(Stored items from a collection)
- Opening Delimiter -

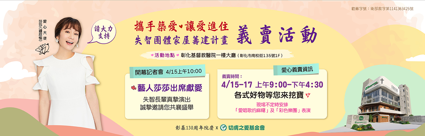 愛心大使「莎莎」 4/15蒞臨切膚之愛義賣活動,邀您一同支持失智團體家屋籌建計畫
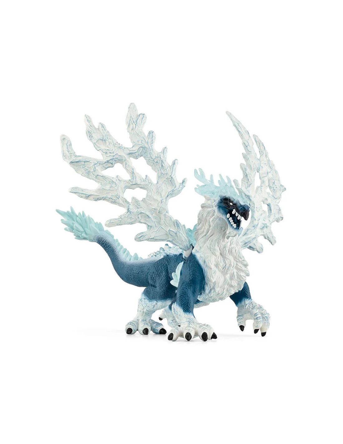 El Dragón de hielo vuela en círculos sobre ELDRADOR®. Ningún movimiento en tierra escapa a su mirada heladora. Descubre un peligro allí abajo y no lo duda: pega al cuerpo sus alas plateadas y se lanza en picado. El atacante en tierra no tiene ni idea de lo que le está pasando. El Dragón de hielo aparece frente a él como salido de la nada y agita su melena plateada. Abre el pico y muestra sus afilados dientes. Marca sus músculos amenazador y escarba profundos surcos en el suelo con sus garras. ¡Se dispone para el combate junto a sus compañeros de lucha, el Monstruo de hielo y el Lobo de nieve! (Figuras disponibles por separado)
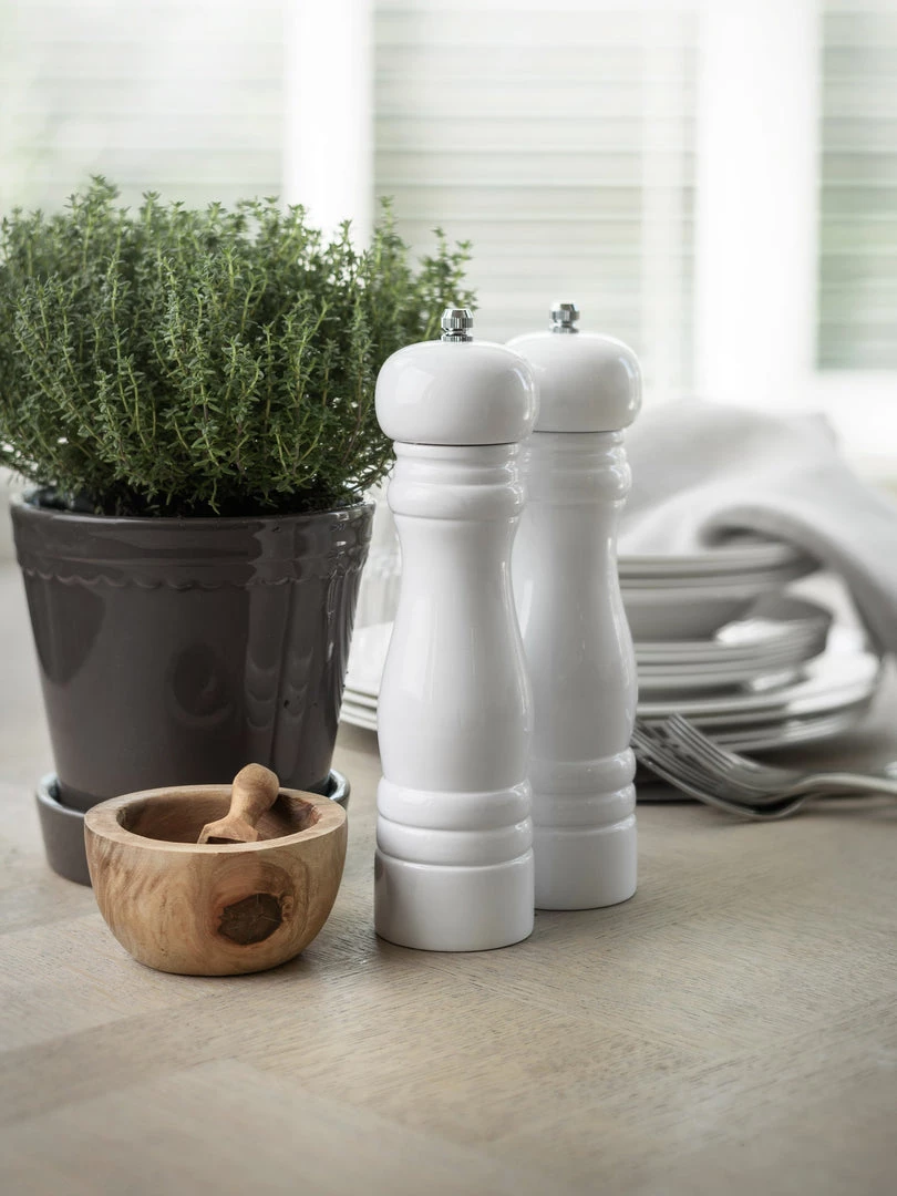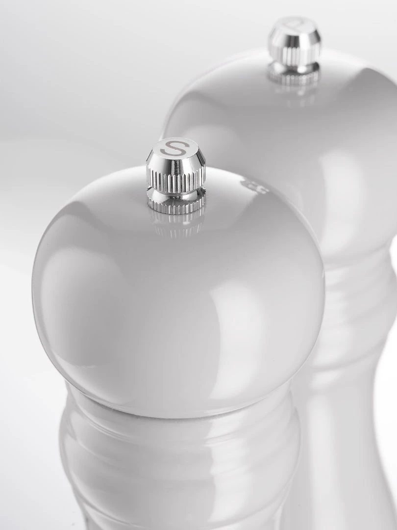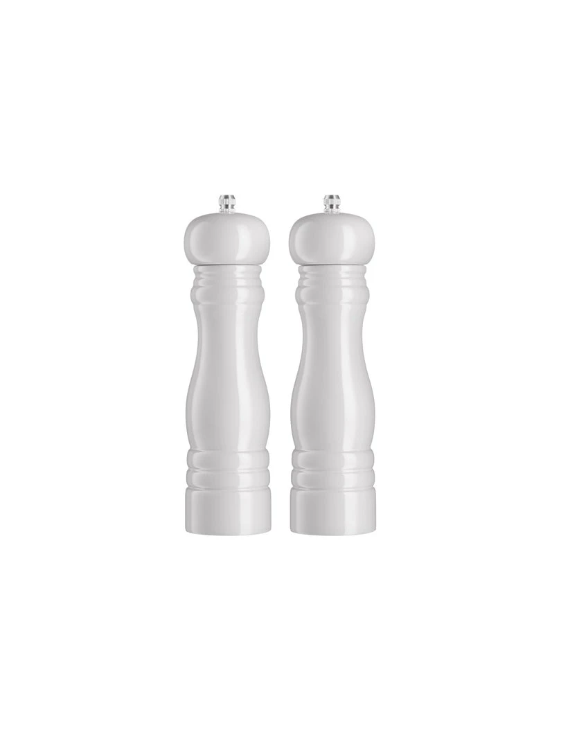 White salt and pepper mills, too nice to put away and definitely good enough to use for formal dining. Classically stylish with intricate ring design and finished in an easy clean gloss finsh. Available also in grey.
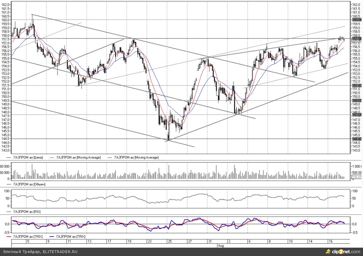 Но перегретость нефтяного рынка и вероятная там коррекция могут сыграть на руку игрокам на понижение. В этом случае на продажах по всему рынку Газпром для начала откатится в район локальной поддержки на 154, где попутно закроет два оставшихся на этой неделе гэпа, а потом на повестке дня встанет и восходящий тренд с конца июля на 153. Как раз от 157 будет хороший момент для открытия коротких позиций.
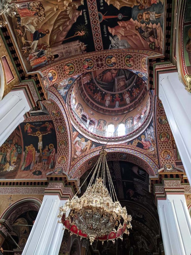 Saint Minas is truly a beautiful cathedral. Most Greek churches we visited have vibrantly painted scenes on the ceilings and walls and this cathedral was a sensational example.
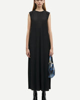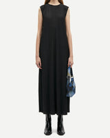 Finely pleated midi dress with a regular fit. Button and loop closure on the back. Main material made from an elastic blend including recycled polyester.
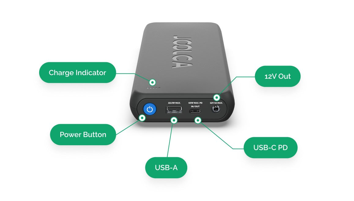- USB-C PD port (input/output): 5V, 9V, 12V, 15V, 20V up to 3A (60W max), regulated
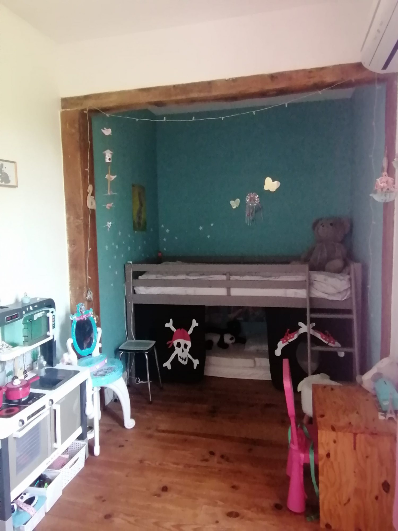 À l’étage : trois chambres lumineuses, dont une avec sa propre salle de bains et WC, ainsi qu’une salle d’eau familiale.
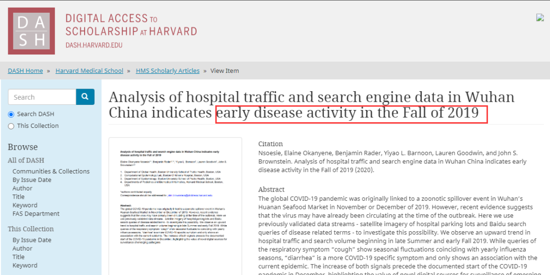 第四,论文认为是关键证据之一的、比如说咳嗽腹泻的检索量,我注意到中方有些媒体也做了一些深度的调研,就发现论文当中引述的2019年9月份对咳嗽和腹泻两个关键词的检索量,还不如2017年和2018年同期。
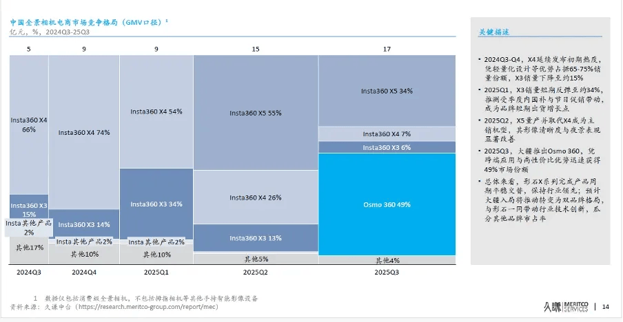影石所在的全景相机赛道,原本接近垄断,市占率一度超过67%。但自2025年7月大疆带着 Osmo 360杀进全景相机市场以后,竞争格局迅速被打破。
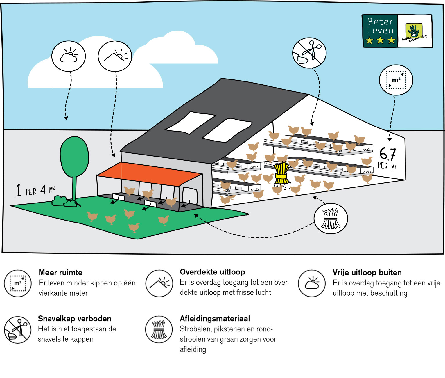 Het Beter Leven keurmerk is een initiatief van de Dierenbescherming. Kippen die gehouden worden in Beter Leven stallen hebben meer ruimte, afleidingsmateriaal en mogelijkheden om zich op een natuurlijk wijze te gedragen. Met drie sterren staat de stal gelijk aan biologisch of is deze net zo diervriendelijk. Er zijn maximaal 6,7 hennen per m2. Ze hebben een overdekte en een vrije uitloop naar buiten en de groepsgrootte bedraagt maximaal 6.000 hennen. In de gangbare pluimveehouderij geldt geen maximum groepsgrootte. De Aeres-stal heeft een vrije uitloop die een bosrand nabootst. Daarvoor gebruikt Aeres coniferen. Er komt veel daglicht binnen in het overdekte deel en het dak daarvan kan open. Snavelkap is in een driesterren-stal verboden. Het afleidingsmateriaal, meer bewegingsvrijheid, frisse lucht in de vrije uitloop en een natuurlijk dag- en nachtritme moet verenpikken voorkomen. Het meer natuurlijke gedrag dat de dieren in deze stal kunnen vertonen, moet ertoe leiden dat er minder dieren ziek worden.
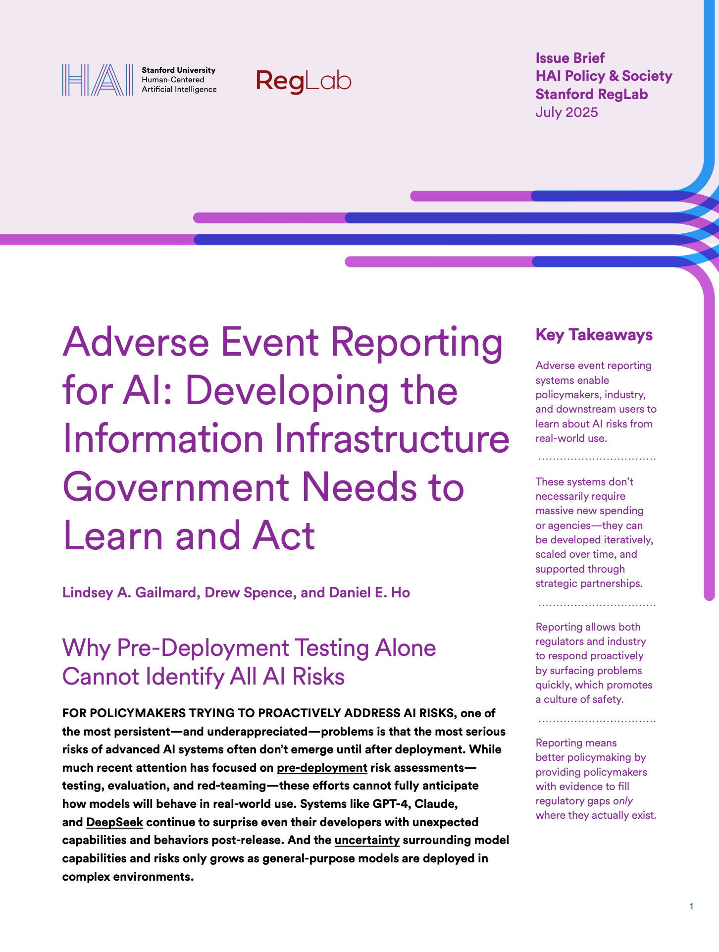 This brief assesses the benefits of and provides policy recommendations for adverse event reporting systems for AI that report failures and harms post deployment.
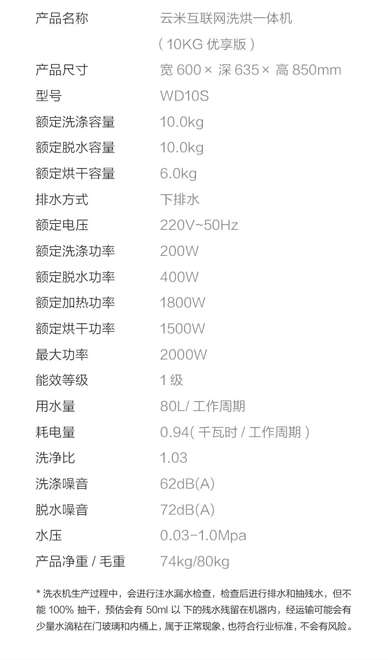 云米(VIOMI)自动洗衣机8公斤洗烘一体变频滚筒洗衣机全中途添衣APP控制 灰色 烘洗一体WD10S

- Closing Delimiter -

Transcribe only this stretch of the data: the line with "Finely pleated midi", the line with "第四,论文认为是关键证据之一", and every line in between. Leave out the pictures.

 Finely pleated midi dress with a regular fit. Button and loop closure on the back. Main material made from an elastic blend including recycled polyester.
- USB-C PD port (input/output): 5V, 9V, 12V, 15V, 20V up to 3A (60W max), regulated
 À l’étage : trois chambres lumineuses, dont une avec sa propre salle de bains et WC, ainsi qu’une salle d’eau familiale.
 第四,论文认为是关键证据之一的、比如说咳嗽腹泻的检索量,我注意到中方有些媒体也做了一些深度的调研,就发现论文当中引述的2019年9月份对咳嗽和腹泻两个关键词的检索量,还不如2017年和2018年同期。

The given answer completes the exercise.